▶ **Activity**
Pictures aside, each record should be reproduced exactly.

▶ **Provided records**
——————

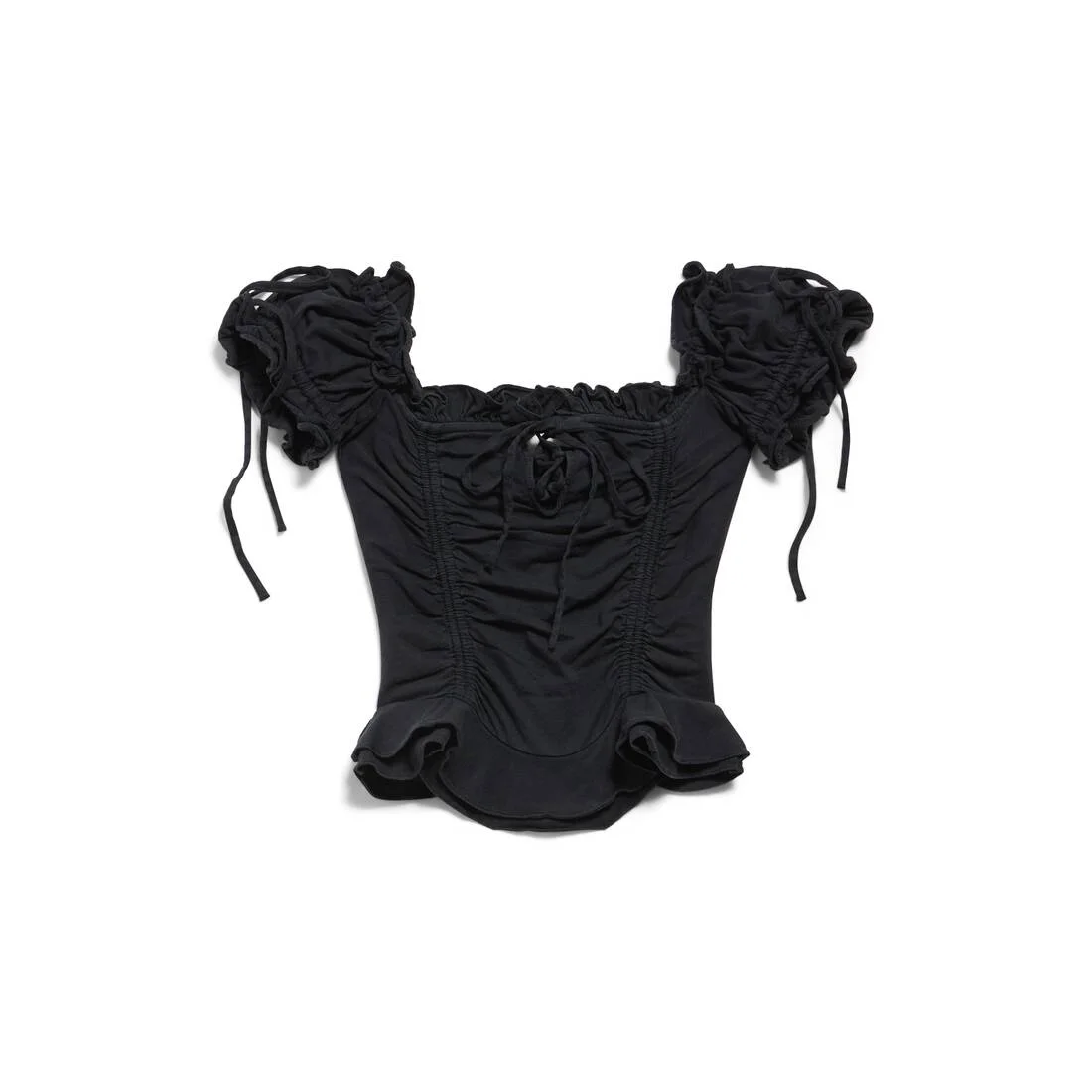 Gathered Cropped Top in faded black dry jersey PRODUCT DETAILS • Dry jersey • Short sleeves • Ruffles at neckline, sleeves and bottom • Thin strings tied details on front and sleeves • Gathered effect • Slightly open back • Made in Portugal Main material: 100% cotton
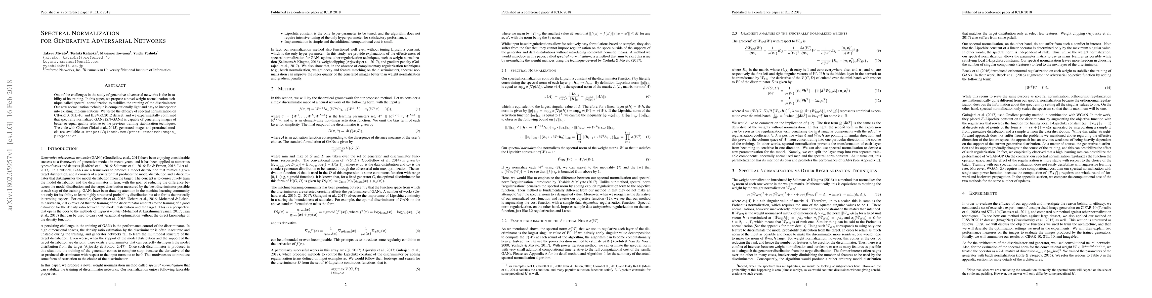 This paper introduces spectral normalization, a new weight normalization technique to stabilize GAN discriminator training, which is computationally efficient and easy to integrate. Experimental results on CIFAR10, STL-10, and ILSVRC2012 datasets show that spectrally normalized GANs generate images of improved or equal quality compared to previous methods.
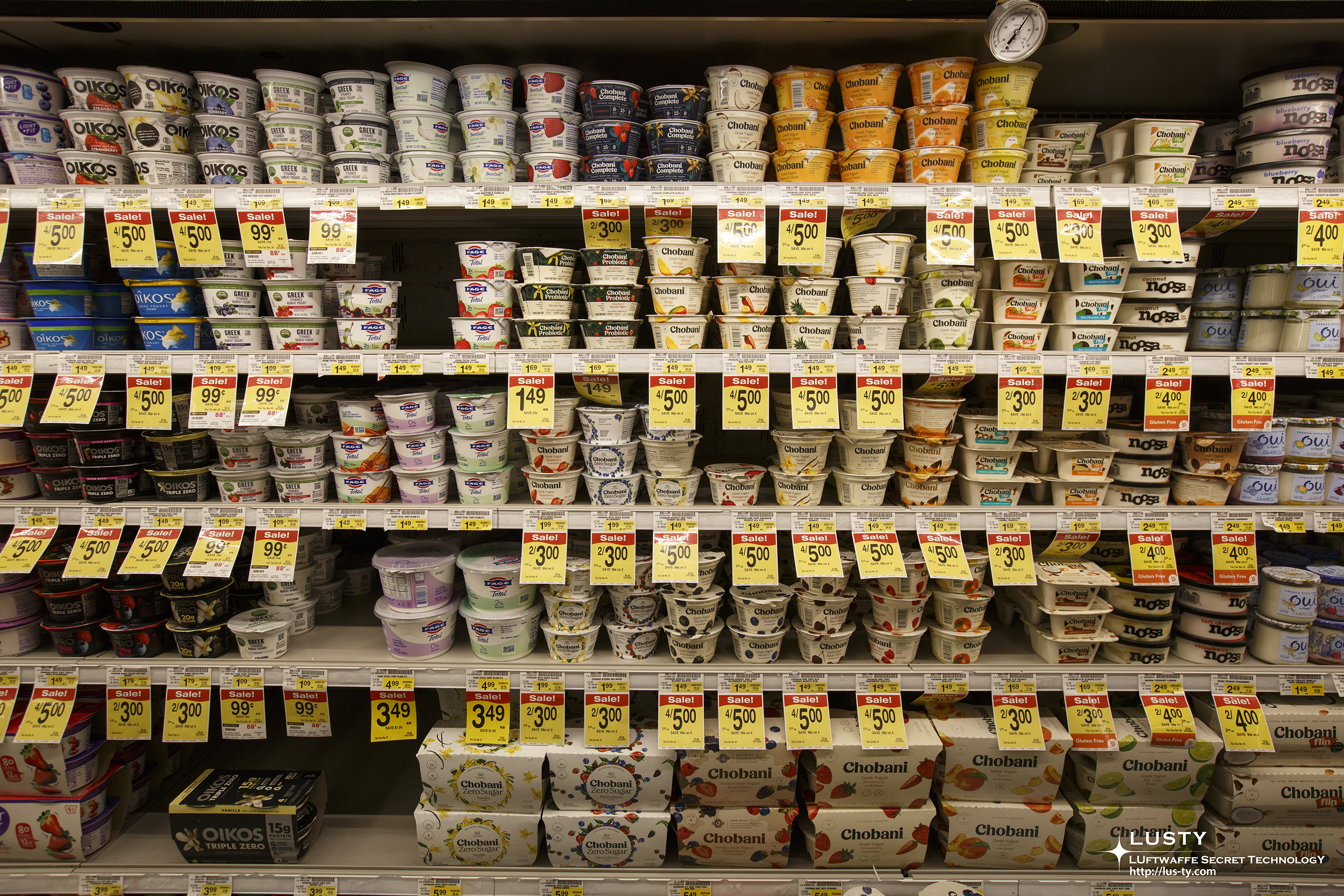 갖가지 요거트와 유제품들. 한국에 있는것도 있고, 처음보는 것도 있는데 여기쯤 와서는 정말 참을 수 없어져서 블루베리 요거트를 사 보았다.
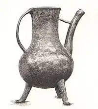 In 1790 Smith records that a bronze tripod ewer was found in Lindston Loch, measuring 9+58 inches high, by 3+14 inches across the mouth, spreading out to 4+18 inches. It has a spout and handle and is regarded being of late medieval origin; for many years it was kept at the Dalrymple Manse.[4] A bronze tripod ewer, with spout and handle, almost identical to the Lindston Loch specimen, was found at nearby Skeldon.[5] The old Roman road from the Solway Firth and the Clyde ran near here, passing from Causeway Farm onto Perclewan and Lindston. The above mentioned ewer was found near this road;[6] a glazed pitcher of earthenware was found at Perclewan near the old road in 1833, bearing the figure of a man's face and hands on the front.[6]
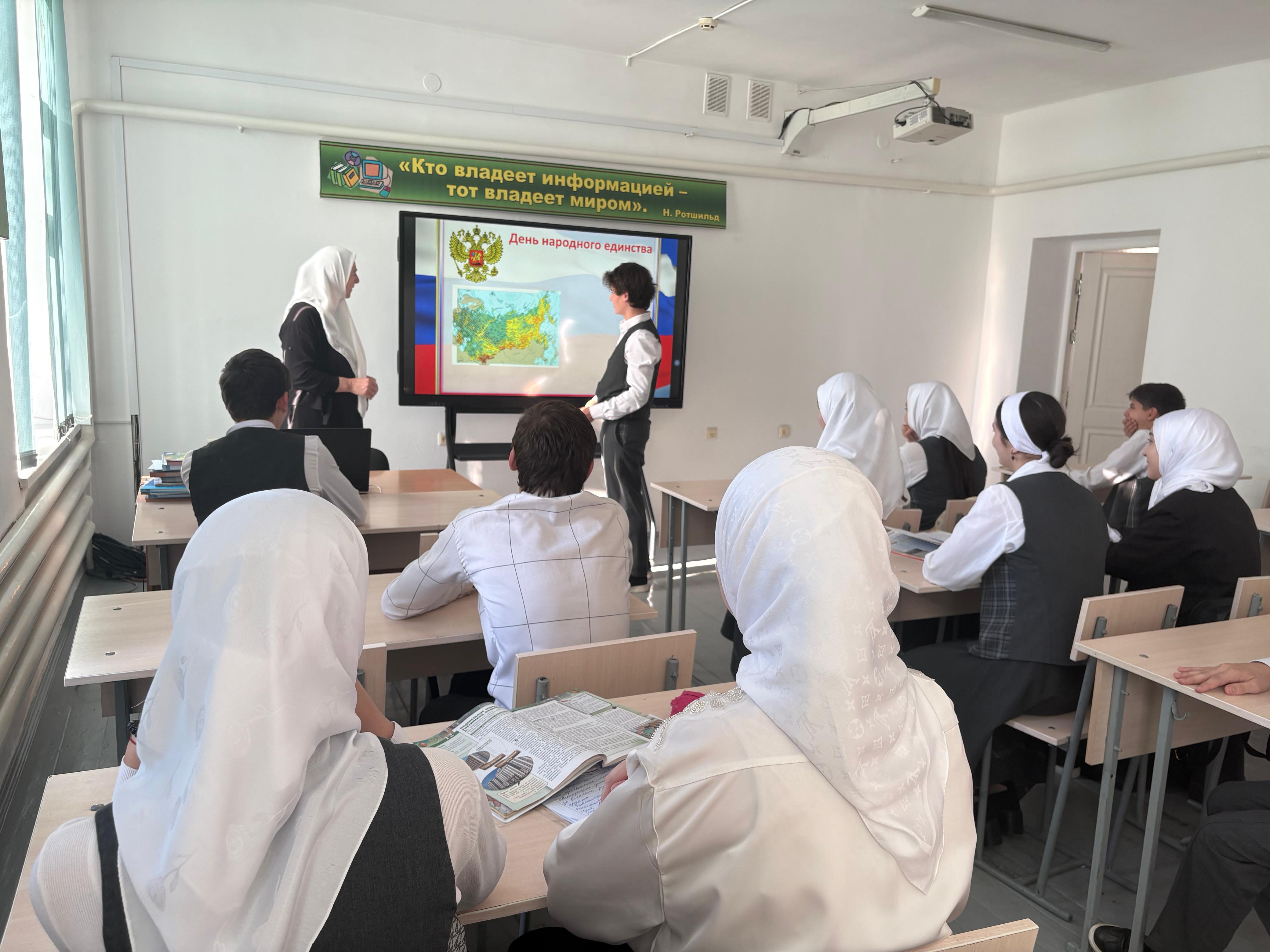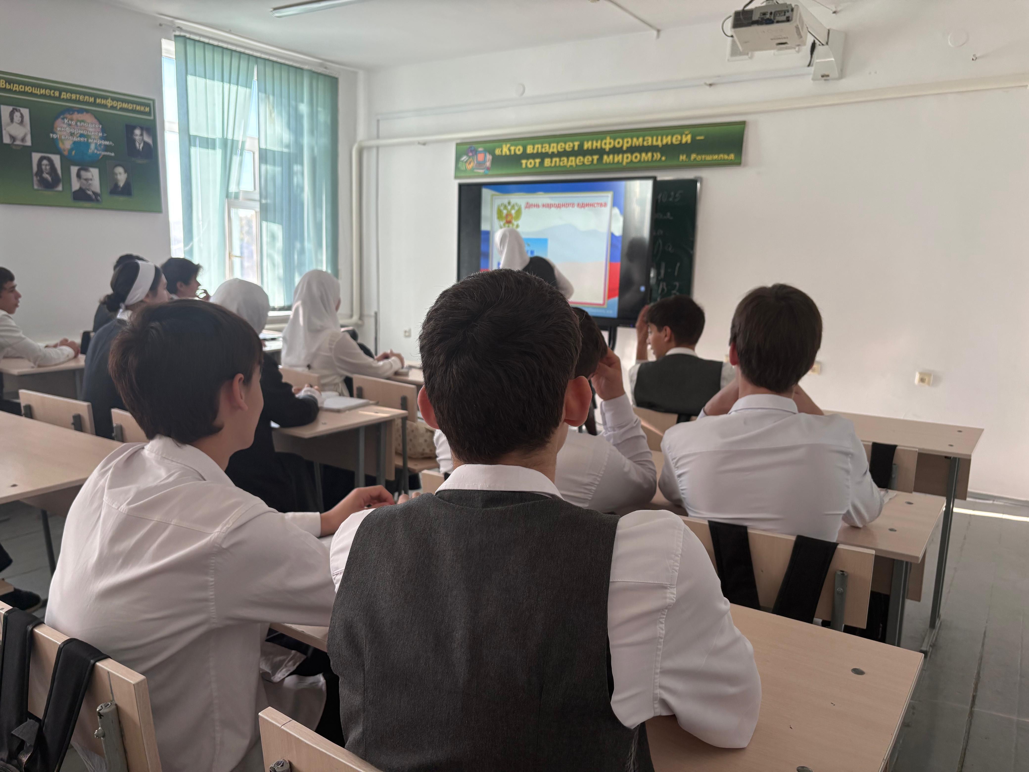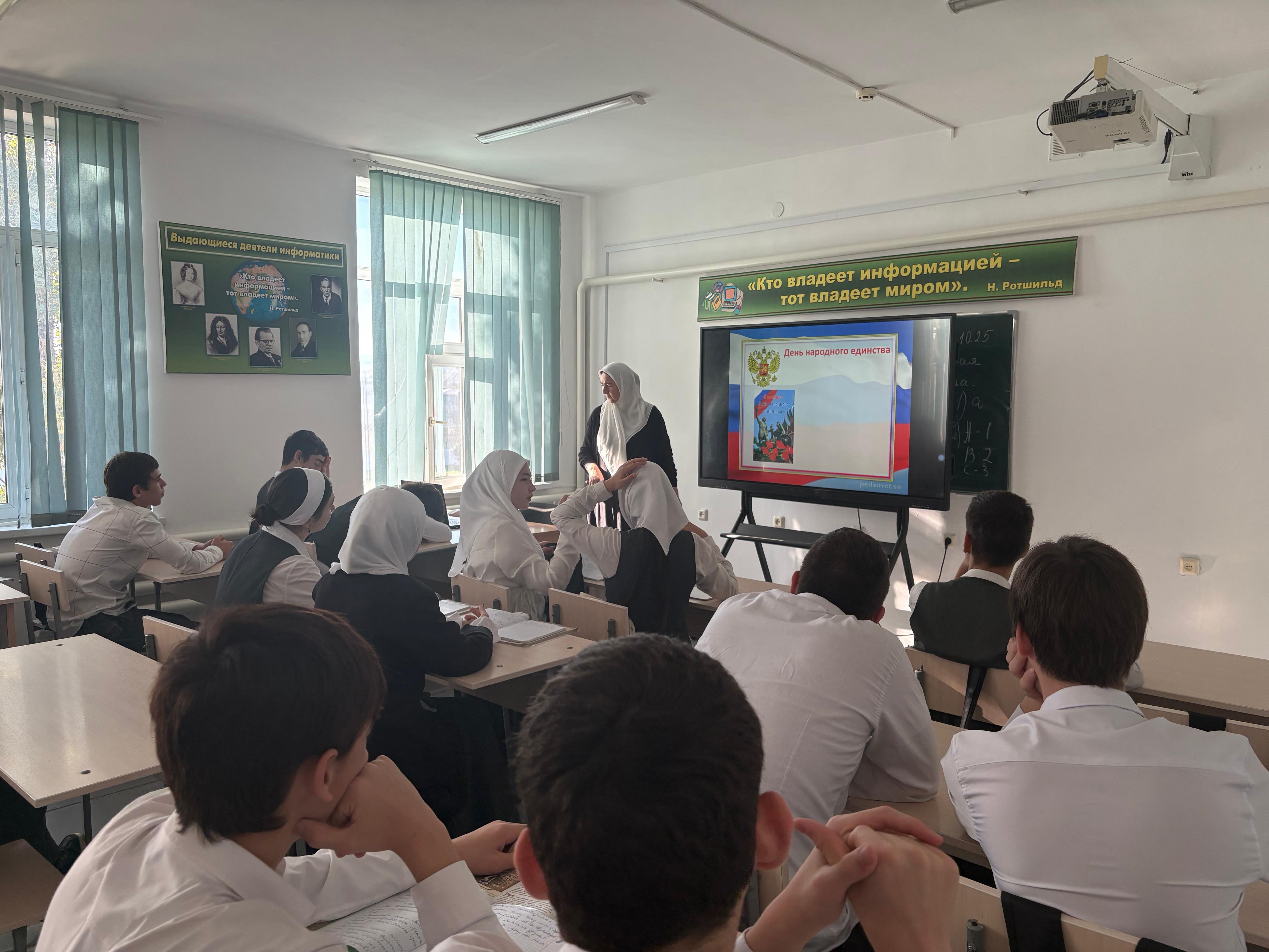В МБОУ «СОШ №1 с. Бердыкель» прошли классные часы, посвящённые Дню народного единства. Ребята вспомнили историю праздника, поговорили о значении единства народов России и обсудили, почему важно сохранять взаимопонимание и уважение между людьми разных национальностей. Мероприятие прошло в тёплой и дружеской атмосфере.

——————

▶ **Reply**
 Gathered Cropped Top in faded black dry jersey PRODUCT DETAILS • Dry jersey • Short sleeves • Ruffles at neckline, sleeves and bottom • Thin strings tied details on front and sleeves • Gathered effect • Slightly open back • Made in Portugal Main material: 100% cotton
 This paper introduces spectral normalization, a new weight normalization technique to stabilize GAN discriminator training, which is computationally efficient and easy to integrate. Experimental results on CIFAR10, STL-10, and ILSVRC2012 datasets show that spectrally normalized GANs generate images of improved or equal quality compared to previous methods.
 갖가지 요거트와 유제품들. 한국에 있는것도 있고, 처음보는 것도 있는데 여기쯤 와서는 정말 참을 수 없어져서 블루베리 요거트를 사 보았다.
 In 1790 Smith records that a bronze tripod ewer was found in Lindston Loch, measuring 9+58 inches high, by 3+14 inches across the mouth, spreading out to 4+18 inches. It has a spout and handle and is regarded being of late medieval origin; for many years it was kept at the Dalrymple Manse.[4] A bronze tripod ewer, with spout and handle, almost identical to the Lindston Loch specimen, was found at nearby Skeldon.[5] The old Roman road from the Solway Firth and the Clyde ran near here, passing from Causeway Farm onto Perclewan and Lindston. The above mentioned ewer was found near this road;[6] a glazed pitcher of earthenware was found at Perclewan near the old road in 1833, bearing the figure of a man's face and hands on the front.[6]
В МБОУ «СОШ №1 с. Бердыкель» прошли классные часы, посвящённые Дню народного единства. Ребята вспомнили историю праздника, поговорили о значении единства народов России и обсудили, почему важно сохранять взаимопонимание и уважение между людьми разных национальностей. Мероприятие прошло в тёплой и дружеской атмосфере.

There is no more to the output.